**Task requirements:** Reproduce exactly the span of lines beginning at the one with "9月13日,中国日报网报道星" and ending at the last line of the data below, omitting pictures.

**Supplied material:**
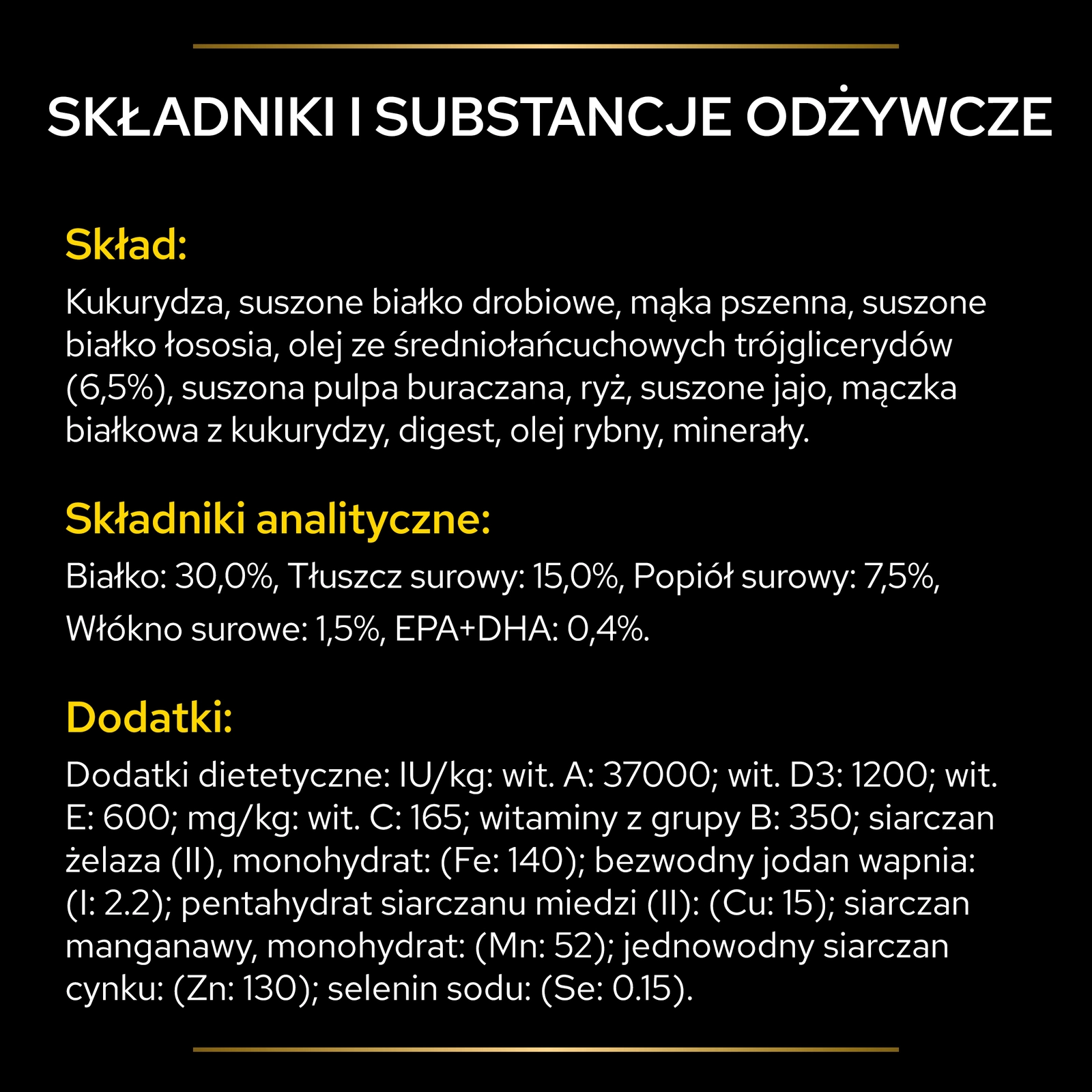 Karma wspiera funkcje poznawcze i zdrowie mózgu psa dzięki zawartości składników odżywczych, takich jak arginina, EPA+DHA, przeciwutleniacze (witamina E i C), witaminy z grupy B oraz selen. Oparta na średniołańcuchowych trójglicerydach (MCT) oraz składnikach neuroprotekcyjnych, które wspomagają poprawę funkcjonowania mózgu. Opracowana we współpracy z ekspertami z Royal Veterinary College w Londynie, karma ta jest wynikiem zaawansowanych badań nad zdrowiem mózgu psów.
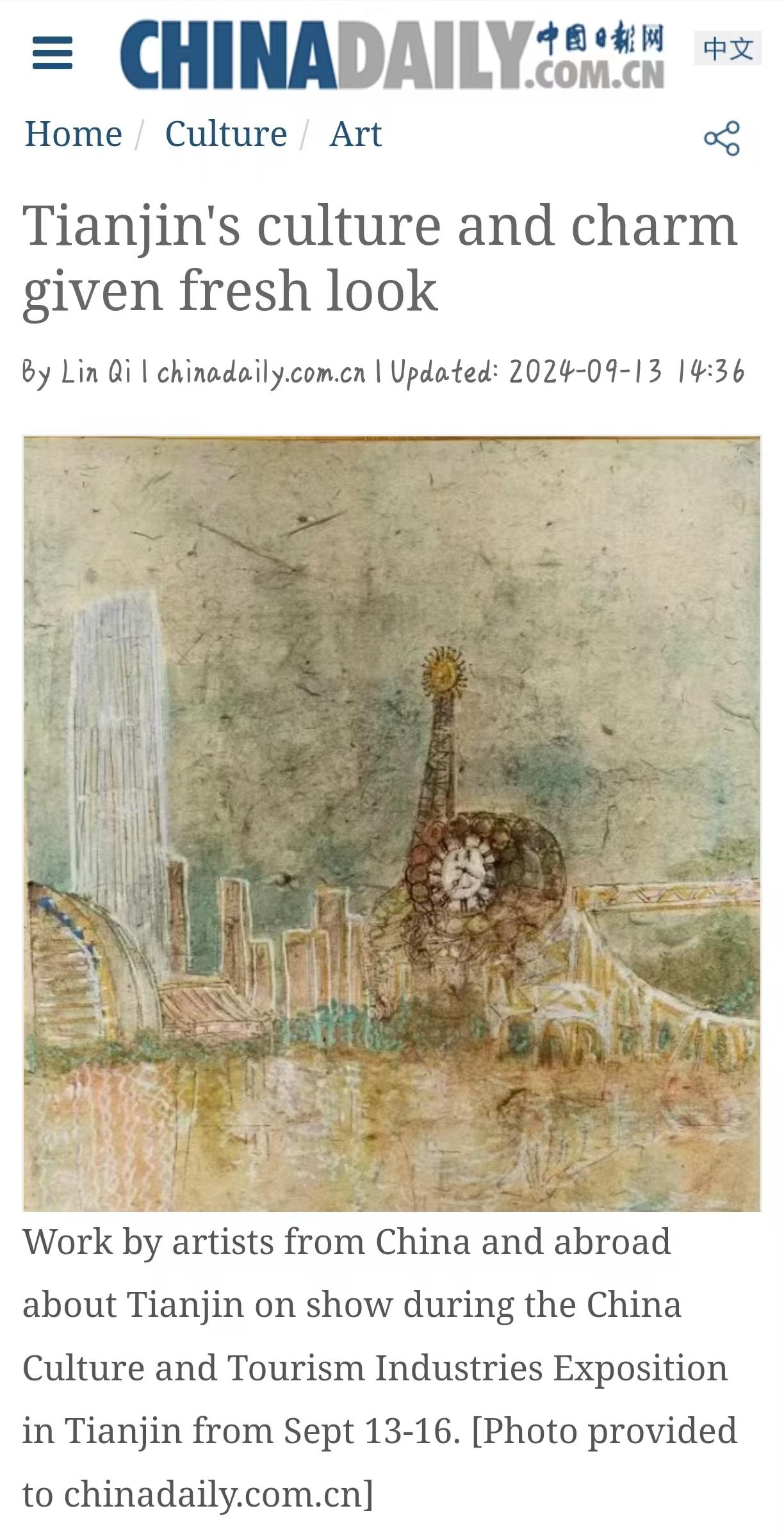 9月13日,中国日报网报道星空艺术学院庄雪阳2024中国文化旅游产业博览会参展作品《世纪津声》。9月13日,2024中国文化旅游产业博览会在天津开幕。《艺术家眼中的天津》艺术展亮相此次博览会,来自7个国家的30位优秀艺术家从不同视角描绘天津。星空艺术学院庄雪阳应邀参加了此次展览。
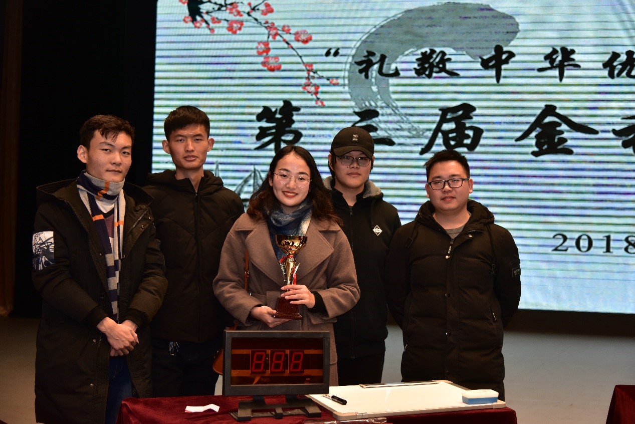 12月11日,学校第三届“礼敬中华优秀传统文化”金秋诗词大会决赛在弘毅堂举行,色漫网 17级资产评估专业研究生鲍雷、阴朝旭、陈习良,17级经济学专业本科生夏益骏组成的“浪淘沙”团队代表学院荣获第一名。

**Solution to this task:**
 9月13日,中国日报网报道星空艺术学院庄雪阳2024中国文化旅游产业博览会参展作品《世纪津声》。9月13日,2024中国文化旅游产业博览会在天津开幕。《艺术家眼中的天津》艺术展亮相此次博览会,来自7个国家的30位优秀艺术家从不同视角描绘天津。星空艺术学院庄雪阳应邀参加了此次展览。
 12月11日,学校第三届“礼敬中华优秀传统文化”金秋诗词大会决赛在弘毅堂举行,色漫网 17级资产评估专业研究生鲍雷、阴朝旭、陈习良,17级经济学专业本科生夏益骏组成的“浪淘沙”团队代表学院荣获第一名。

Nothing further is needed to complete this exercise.